--- INPUT Enclosed Below ---

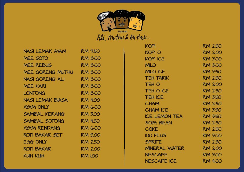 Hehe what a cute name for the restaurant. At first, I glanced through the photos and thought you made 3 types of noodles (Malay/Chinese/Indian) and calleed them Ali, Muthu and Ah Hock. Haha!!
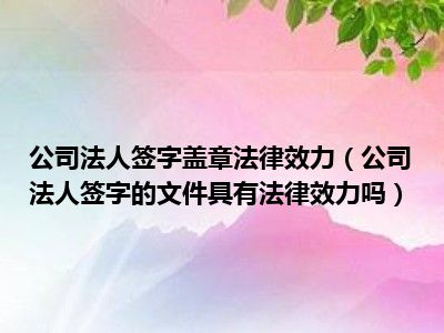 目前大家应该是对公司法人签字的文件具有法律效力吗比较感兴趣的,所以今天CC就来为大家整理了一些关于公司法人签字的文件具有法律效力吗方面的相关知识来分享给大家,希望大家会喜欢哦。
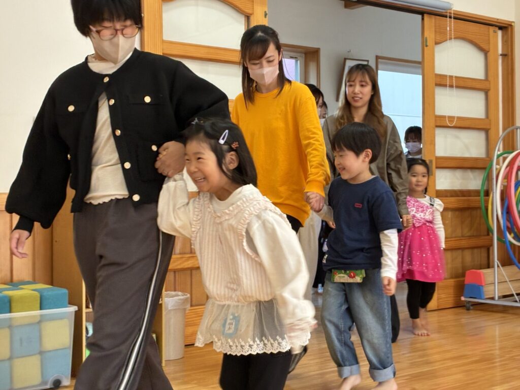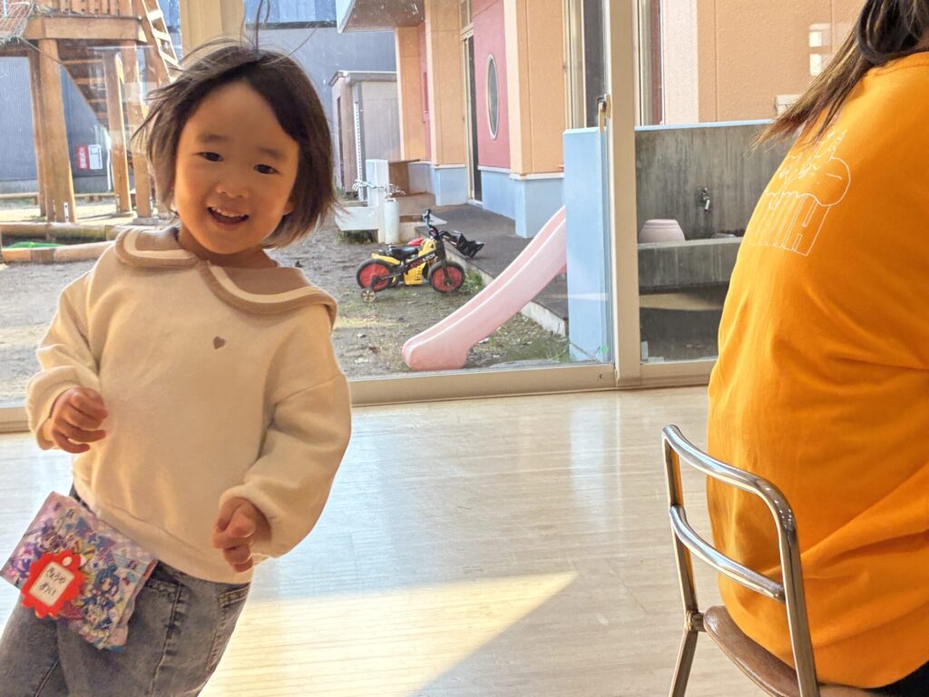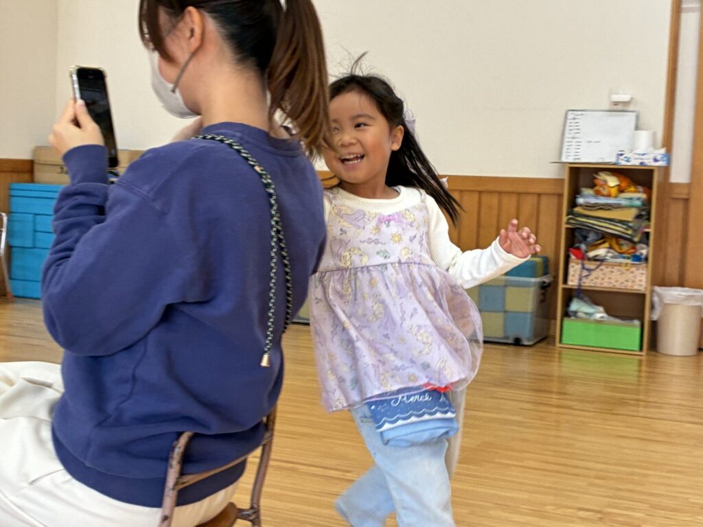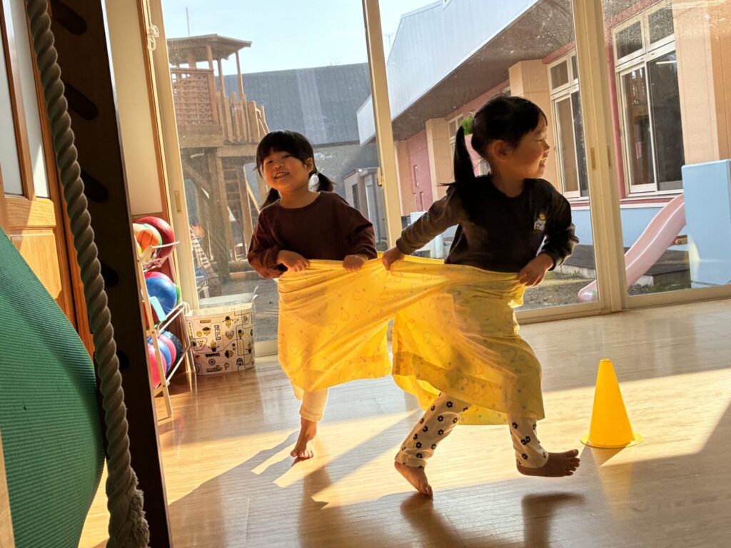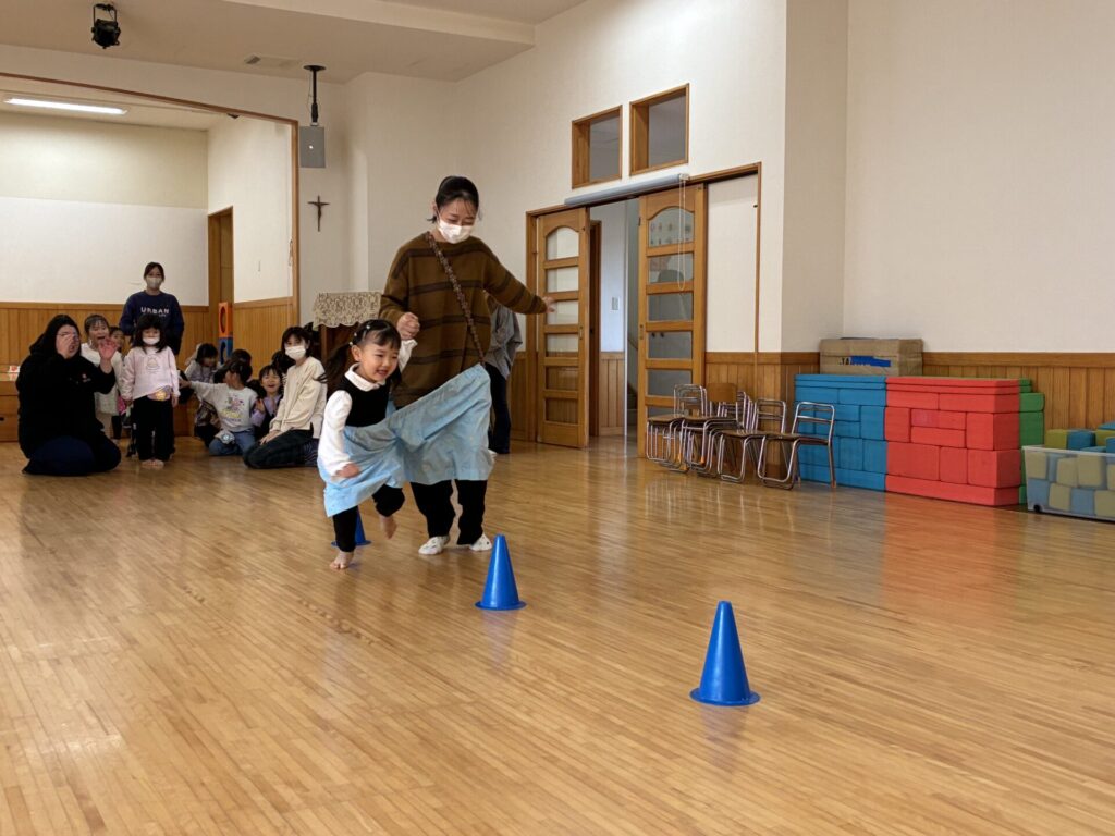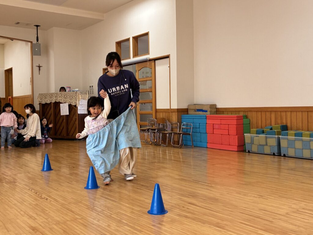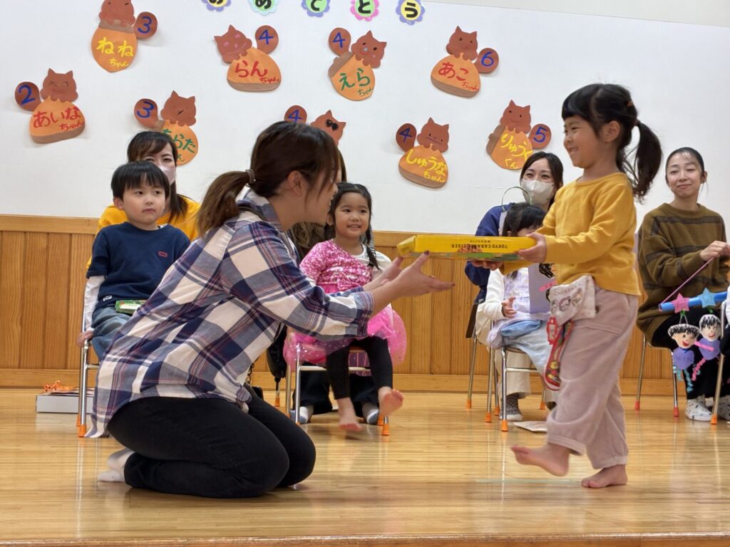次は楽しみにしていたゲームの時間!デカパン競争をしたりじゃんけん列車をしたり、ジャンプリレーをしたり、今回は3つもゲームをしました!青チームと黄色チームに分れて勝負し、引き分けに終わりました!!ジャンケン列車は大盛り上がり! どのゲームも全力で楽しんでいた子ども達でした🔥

--- End of Enclosed INPUT ---
--- INPUT Enclosed Below ---

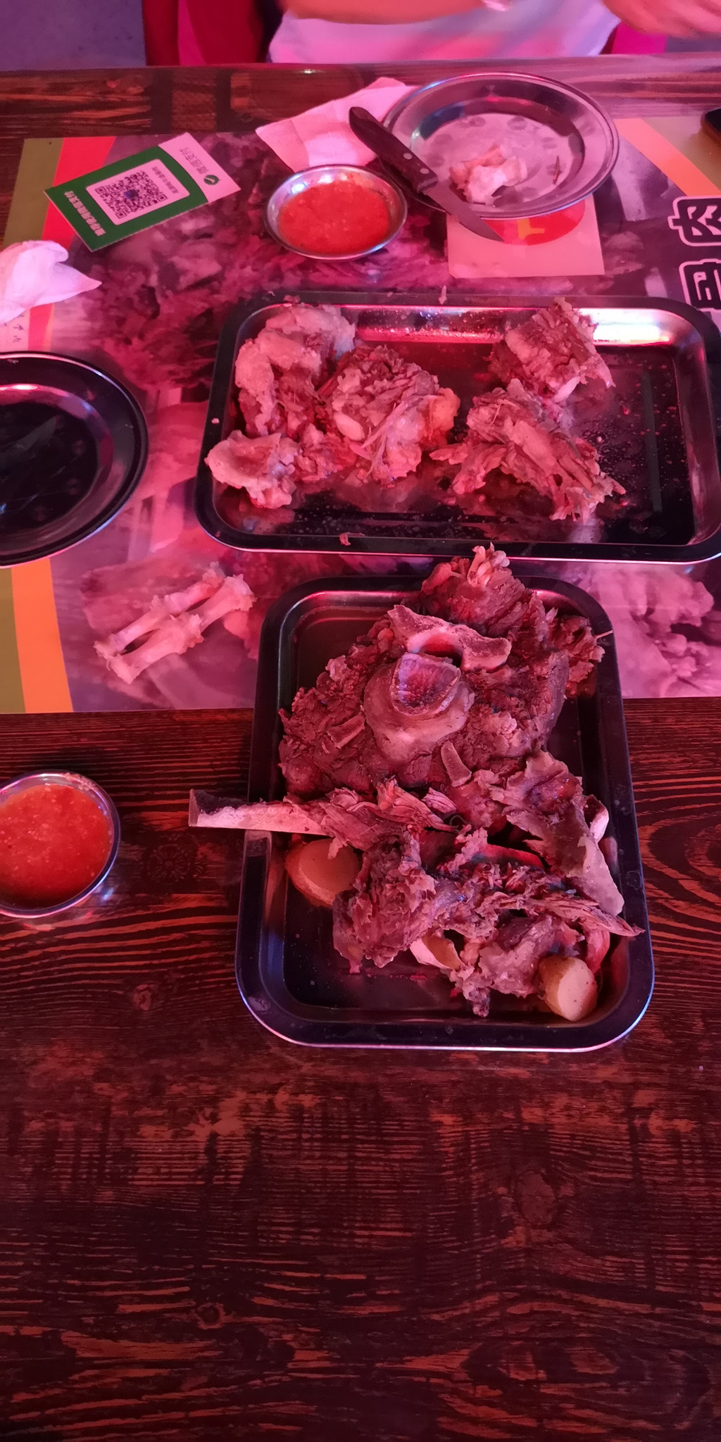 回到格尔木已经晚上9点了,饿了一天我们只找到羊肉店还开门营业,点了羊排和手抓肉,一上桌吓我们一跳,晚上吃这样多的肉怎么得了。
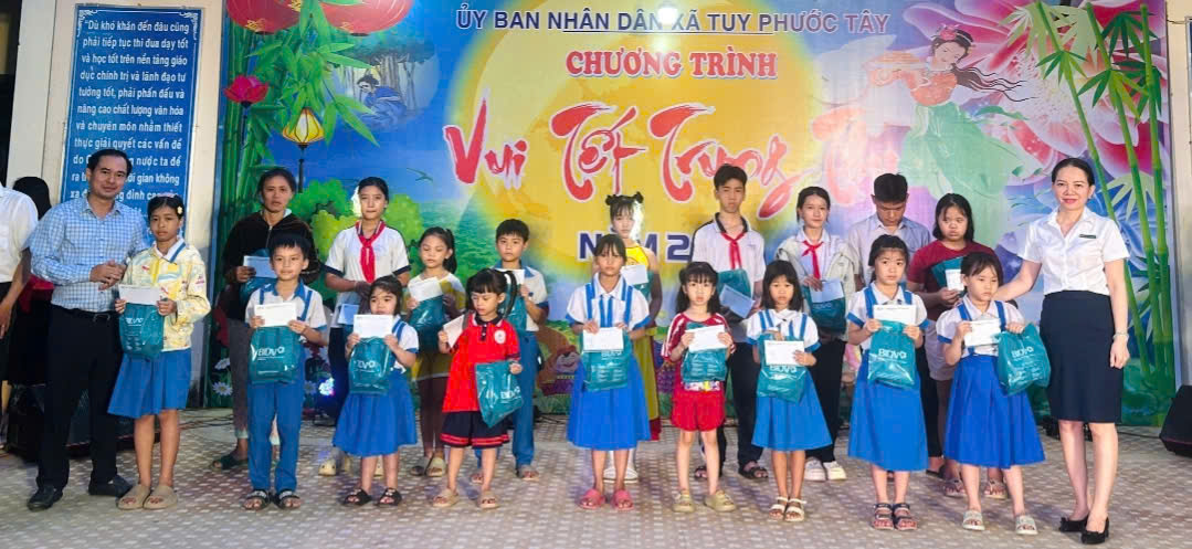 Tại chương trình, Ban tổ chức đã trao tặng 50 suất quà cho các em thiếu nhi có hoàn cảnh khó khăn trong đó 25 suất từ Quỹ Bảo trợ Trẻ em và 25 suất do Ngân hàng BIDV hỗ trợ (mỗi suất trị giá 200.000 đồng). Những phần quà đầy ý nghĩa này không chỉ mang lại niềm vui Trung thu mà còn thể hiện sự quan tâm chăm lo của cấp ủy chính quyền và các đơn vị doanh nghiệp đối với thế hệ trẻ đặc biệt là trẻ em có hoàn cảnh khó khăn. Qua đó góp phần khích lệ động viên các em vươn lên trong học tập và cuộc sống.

--- End of Enclosed INPUT ---
--- INPUT Enclosed Below ---

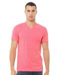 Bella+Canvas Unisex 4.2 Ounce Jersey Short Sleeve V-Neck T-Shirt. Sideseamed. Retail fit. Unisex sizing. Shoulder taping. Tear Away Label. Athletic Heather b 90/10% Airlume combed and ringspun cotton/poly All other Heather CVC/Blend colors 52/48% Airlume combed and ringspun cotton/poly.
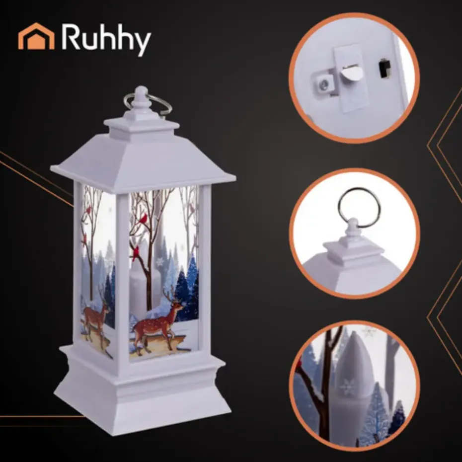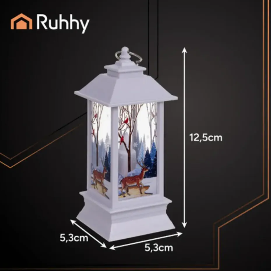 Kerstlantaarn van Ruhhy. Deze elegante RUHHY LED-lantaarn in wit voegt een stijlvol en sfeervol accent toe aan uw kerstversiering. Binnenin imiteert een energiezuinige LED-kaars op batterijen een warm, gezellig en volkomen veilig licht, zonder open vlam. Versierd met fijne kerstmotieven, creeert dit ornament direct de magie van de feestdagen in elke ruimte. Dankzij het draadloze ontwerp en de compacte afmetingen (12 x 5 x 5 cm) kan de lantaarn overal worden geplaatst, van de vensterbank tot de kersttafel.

--- End of Enclosed INPUT ---

GOAL OF THE EXERCISE:
Return exactly the lines of the material above, starting at the line containing "Hehe what a" and finishing at the line containing "次は楽しみにしていたゲームの", without any pictures.

RESPONSE BOX:
 Hehe what a cute name for the restaurant. At first, I glanced through the photos and thought you made 3 types of noodles (Malay/Chinese/Indian) and calleed them Ali, Muthu and Ah Hock. Haha!!
 目前大家应该是对公司法人签字的文件具有法律效力吗比较感兴趣的,所以今天CC就来为大家整理了一些关于公司法人签字的文件具有法律效力吗方面的相关知识来分享给大家,希望大家会喜欢哦。
次は楽しみにしていたゲームの時間!デカパン競争をしたりじゃんけん列車をしたり、ジャンプリレーをしたり、今回は3つもゲームをしました!青チームと黄色チームに分れて勝負し、引き分けに終わりました!!ジャンケン列車は大盛り上がり! どのゲームも全力で楽しんでいた子ども達でした🔥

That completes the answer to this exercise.